=== Section Start ===

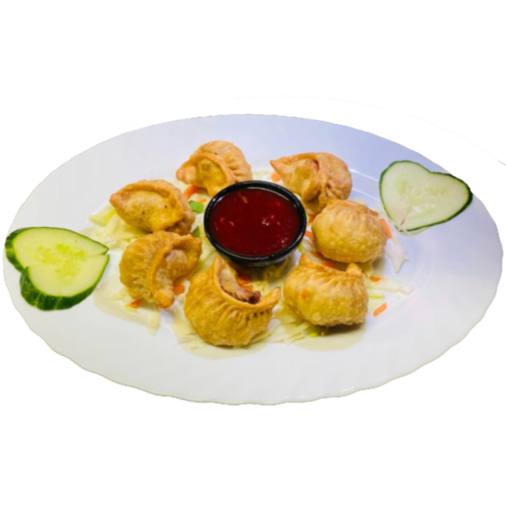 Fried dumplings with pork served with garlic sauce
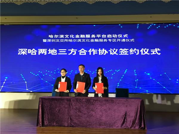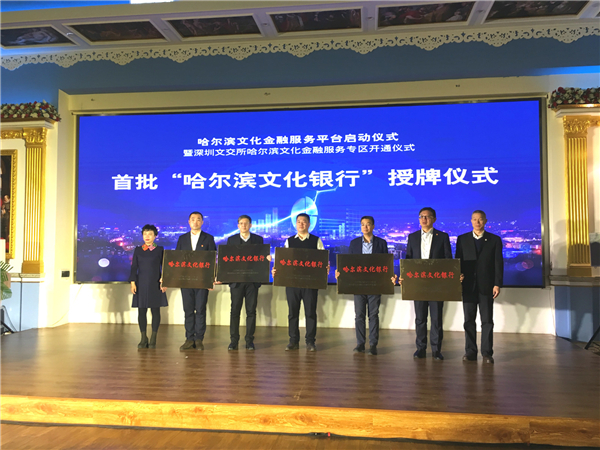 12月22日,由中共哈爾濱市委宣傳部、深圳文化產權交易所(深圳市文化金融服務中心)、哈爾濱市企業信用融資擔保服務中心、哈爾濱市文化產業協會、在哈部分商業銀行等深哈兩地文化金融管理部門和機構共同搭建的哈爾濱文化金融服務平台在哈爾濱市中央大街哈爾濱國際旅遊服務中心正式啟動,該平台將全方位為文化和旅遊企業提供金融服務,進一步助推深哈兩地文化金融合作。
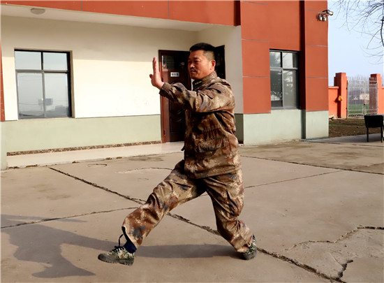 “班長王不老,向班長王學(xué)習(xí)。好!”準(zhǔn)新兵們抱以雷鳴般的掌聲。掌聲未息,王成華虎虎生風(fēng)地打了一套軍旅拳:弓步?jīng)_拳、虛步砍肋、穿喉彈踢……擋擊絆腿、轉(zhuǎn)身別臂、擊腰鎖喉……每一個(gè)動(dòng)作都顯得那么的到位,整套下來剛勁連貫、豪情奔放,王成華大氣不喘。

=== Section End ===
=== Section Start ===

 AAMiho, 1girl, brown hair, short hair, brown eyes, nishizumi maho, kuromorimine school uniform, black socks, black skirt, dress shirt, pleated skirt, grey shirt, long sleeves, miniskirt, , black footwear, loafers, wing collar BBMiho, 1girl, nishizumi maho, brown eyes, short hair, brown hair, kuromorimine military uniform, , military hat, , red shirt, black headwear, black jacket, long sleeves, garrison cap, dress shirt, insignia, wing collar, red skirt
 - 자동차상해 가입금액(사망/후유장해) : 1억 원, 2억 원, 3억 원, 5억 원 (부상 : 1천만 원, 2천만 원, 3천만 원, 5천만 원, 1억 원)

=== Section End ===

*Exercise directions*
Copy out the lines above from the line containing "Fried dumplings with" through the line containing "12月22日,由中共哈爾濱市", exactly, and keep the pictures out.

*Answer area*
 Fried dumplings with pork served with garlic sauce
 12月22日,由中共哈爾濱市委宣傳部、深圳文化產權交易所(深圳市文化金融服務中心)、哈爾濱市企業信用融資擔保服務中心、哈爾濱市文化產業協會、在哈部分商業銀行等深哈兩地文化金融管理部門和機構共同搭建的哈爾濱文化金融服務平台在哈爾濱市中央大街哈爾濱國際旅遊服務中心正式啟動,該平台將全方位為文化和旅遊企業提供金融服務,進一步助推深哈兩地文化金融合作。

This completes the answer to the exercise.